Q. Where can I find information on the Paycheck Protection Program?
A. The Paycheck Protection Program prioritizes millions of Americans employed by small businesses by authorizing up to $349 billion toward job retention and certain other expenses. Small businesses and eligible nonprofit organizations, Veterans organizations, and Tribal businesses described in the Small Business Act, as well as individuals who are self-employed or are independent contractors, are eligible if they also meet program size standards. The U.S. Department of Treasury has issued this information as assistance for small business.
ACTIONS TAKEN BY THE GOVERNMENT OF CANADA
Q. What actions has the government of Canada taken in response to the COVID-19 pandemic?
A. The government of Canada has taken significant action to stabilize the nation’s economy through its COVID-19 Economic Response Plan. It provides support to family, business and employees with tax credits, subsidies, tax deferrals and other benefits. It also establishes a $150 billion Insured Mortgage Purchase Program to facilitate continued lending to Canadian consumers and business.
The COVID-19 Emergency Response Act provides direct federal aid to businesses and employees impacted by the COVID-19 pandemic. It establishes the Canada Emergency Response Benefit that will provide employees, who have lost their income because of CONVID-19, with $2,000 a month for the next 16 weeks. It provides eligible small employers with a wage subsidy for up to three months to keep their employees. Prime Minister Justin Trudeau expanded the Canada Wage Subsidy Program on March 30 to provide a 75% wage subsidy on the first $58,700 of a person’s salary for all businesses and nonprofits that have seen at least a 30% drop in revenue because of the pandemic. The Minister of Finance will also have more flexibility to determine the capital limits for the Business Development Bank of Canada.
The act is intended to consolidate previous directives and initiatives into a one coordinated and focused federal response.

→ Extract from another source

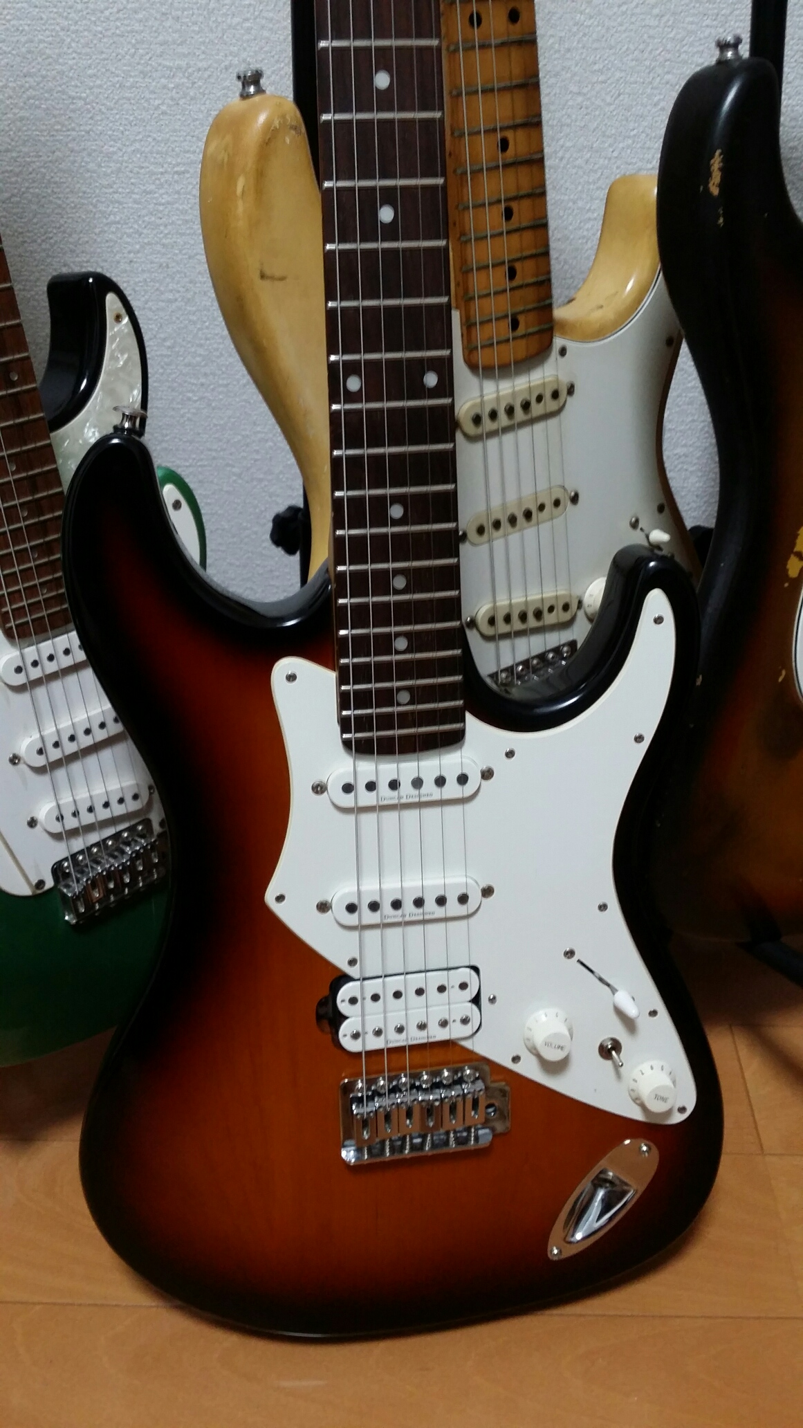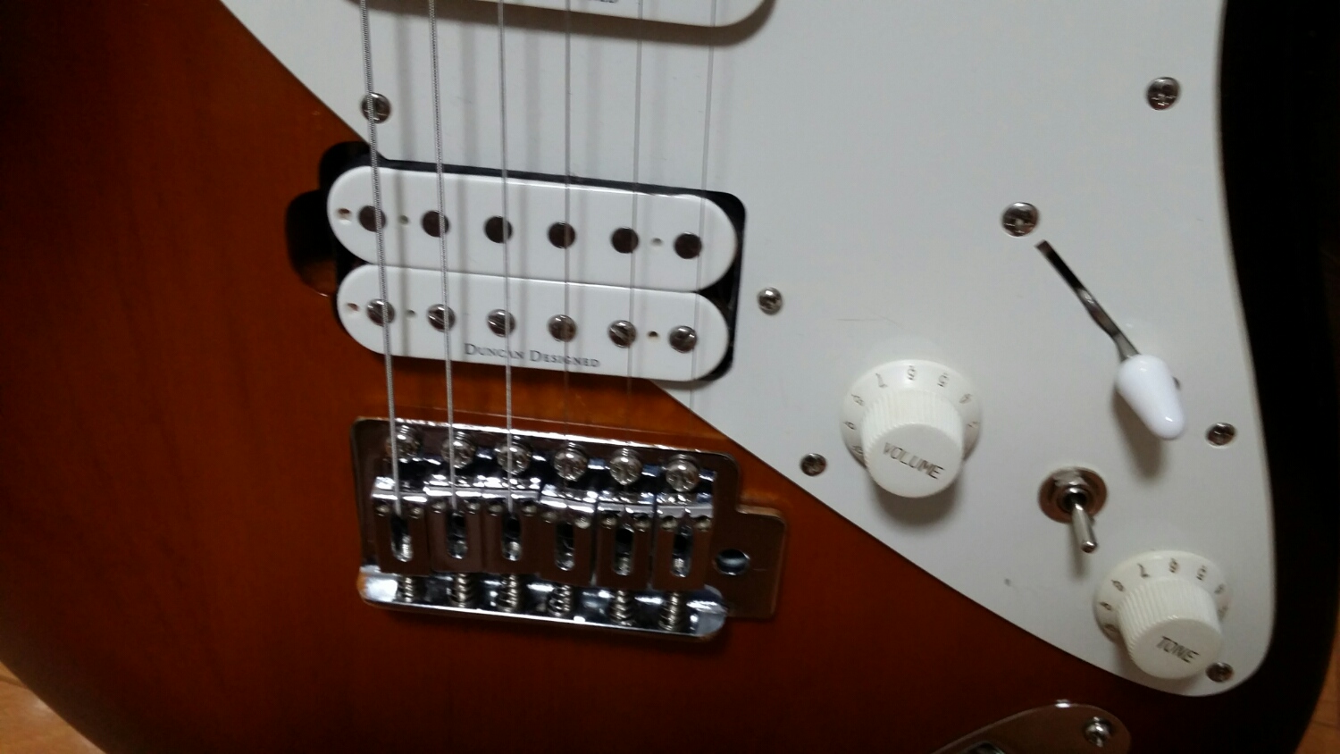 ピックアップは3つともDuncan Designed。

Q. What actions has the Bank of Canada taken?
A. The top priority for the Bank of Canada is to establish an economic “bridge” for Canadian businesses, employees and families. This includes ensuring that credit is affordable and available for businesses negatively impacted by COVID-19. It has lowered interest rates and expanded purchases of Canada Mortgage Bonds.
Q. What other actions have been taken to provide relief for businesses in Canada?
A. As announced by Prime Minister Trudeau, the Business Development Bank of Canada and Export Development of Canada has established a new Small and Medium-sized Enterprise Loan and Guarantee Program to provide $40 billion in additional lending to small and medium-sized businesses during the COVID-19 crisis. To be eligible, businesses must have been directly or indirectly impacted by the current pandemic and must have been financially viable prior to the outbreak.
The federal government has established a general homepage on Canada’s response to COVID-19 pandemic: COVID-19, Canada’s Response. It includes updates on the outbreak, travel advisories, such as restrictions on non-essential crossings at the U.S. border, economic support and more.